2. Number of Components (MCR-ALS only) - Parameter: n_components - No default: Must specify - When to adjust: Based on prior knowledge or exploratory PCA (scree plot) - Justification: "Two components were specified based on known binary mixture composition (olive + sunflower oils)."

3. Spectral Alignment - Parameter: Wavenumber range, interpolation - Critical: Must align mixtures and pure spectra - Justification: "All spectra were interpolated to a common wavenumber grid (600–1800 cm⁻¹, 1 cm⁻¹ resolution) to ensure Beer-Lambert additivity."

4. Normalization - Parameter: Method (area, max, L2) applied to pure spectra - Default: Area normalization (unit area under curve) - When to adjust: Use L2 if intensity scaling consistent; use max if peak heights comparable - Justification: "Pure spectra were area-normalized to unit integral, ensuring fractions represent volume/mass ratios."

5. Convergence Criteria (MCR-ALS) - Parameter: tol (tolerance), max_iter - Default: tol=1e-4, max_iter=100 - When to adjust: Increase max_iter if not converging; tighten tol if precision needed - Justification: "MCR-ALS was terminated when relative change in residual < 1e-4 or 100 iterations reached."


flowchart LR
  subgraph Data
    A[Raw mixtures] --> A2[Optional pure refs]
  end
  subgraph Preprocess
    B[Baseline + smoothing + norm + align]
  end
  subgraph Features
    C[Stay in spectra or optional PCA/ratios]
  end
  subgraph Model/Stats
    D[NNLS (with refs) or MCR-ALS]
    E[Metrics: RMSE, R²; residuals]
  end
  subgraph Report
    F[Pred vs true + residual overlays + report.md]
  end
  A --> B --> C --> D --> E --> F
  A2 --> D

1. Problem and dataset

  • Why labs care: Quantify adulteration level; determine blending ratios; monitor process streams.
  • Inputs: Mixture spectra; optional pure/reference spectra. Ground truth fractions if available for evaluation.
  • Typical size: Dozens of mixtures; references for each component if using NNLS.

2. Pipeline (default)

  • Preprocessing: Baseline → smoothing → normalization; ensure wavenumbers align across mixtures/pure spectra.
  • Methods:
  • NNLS: If pure spectra known. Solve ( \min | x - S c |_2 ) s.t. ( c \ge 0 ).
  • MCR-ALS: If pure spectra unknown; alternating least squares with non-negativity; requires n_components.
  • Outputs: Coefficients/fractions, residual norms, relative reconstruction error.
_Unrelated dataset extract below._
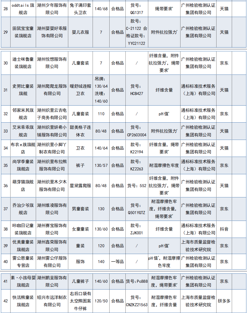发现不合格项目为甲醛含量、pH值、可分解致癌芳香胺染料、耐干摩擦色牢度、耐湿摩擦色牢度、纤维含量、附件抗拉强力、绳带要求、附件锐利性。
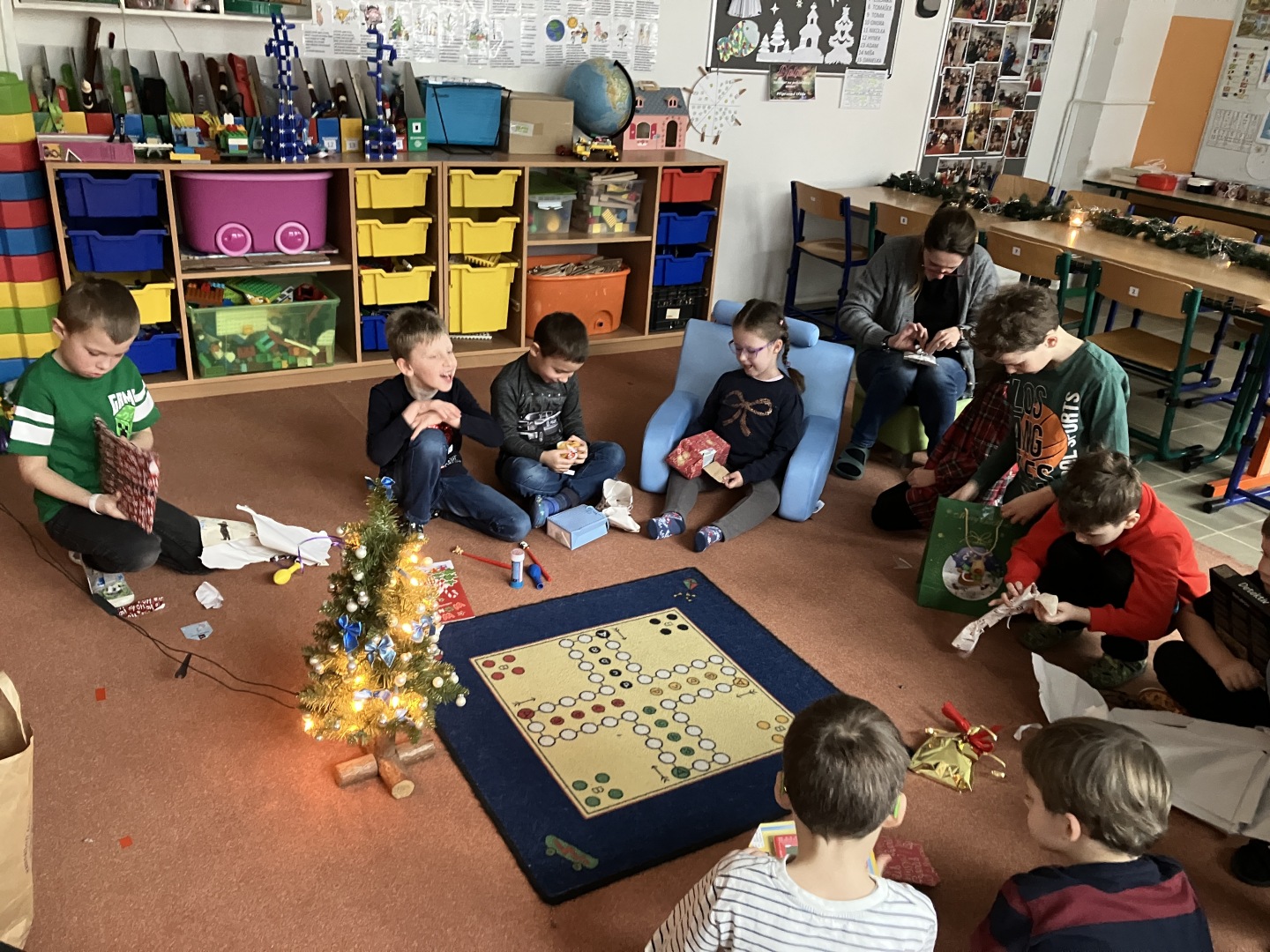 Už od konce listopadu se všechny děti těšily na kouzelný měsíc, kdy chodí Ježíšek. Protože jsme v tomto měsíci měli hodně aktivit, utekl nám adventní čas rychle. Vyzdobili jsme si třídu a v pátek 5.12. nás navštívil Mikuláš, čert a andělé. Ve čtvrtek 11.12. jsme pro rodiče připravili vánoční besídku, 12.12. jsme se zúčastnili vánočního vystoupení Kateřiny Ševidové v tělocvičně školy, ve středu 17.12. jsme navštívili vánoční výstavu v DDM, také jsme byli na procházce vánočně vyzdobeným Benešovem. Velkým překvapením pro nás bylo vítězství v soutěži O nejlépe vyzdobenou vánoční třídu. Poslední den před prázdninami byl v přípravce vánoční, s předáváním dárků a ochutnávkou cukroví od maminek.

3. Python example (synthetic)

from foodspec.chemometrics.mixture import run_mixture_analysis_workflow
from examples.mixture_analysis_quickstart import _synthetic_mixtures

mix, pure, true_coeffs = _synthetic_mixtures()
res = run_mixture_analysis_workflow(mixtures=mix.x, pure_spectra=pure.x, mode="nnls")
print("Coefficients:\\n", res["coefficients"])
print("Residual norms:", res["residual_norms"])

4. CLI example (with config)

Create examples/configs/mixture_quickstart.yml:

mixture_hdf5: libraries/mixtures.h5
pure_hdf5: libraries/pure_refs.h5
mode: nnls
Run:
foodspec mixture --config examples/configs/mixture_quickstart.yml --output-dir runs/mixture_demo
Outputs: coefficients CSV, residuals, optional reconstruction plots.

5. Interpretation

  • Compare predicted vs true fractions (if known); report RMSE/MAE and R².
  • Inspect residuals; large or structured residuals may indicate missing components or misalignment.
  • Main figure: predicted vs true scatter; Supplement: residual plots, spectra overlays.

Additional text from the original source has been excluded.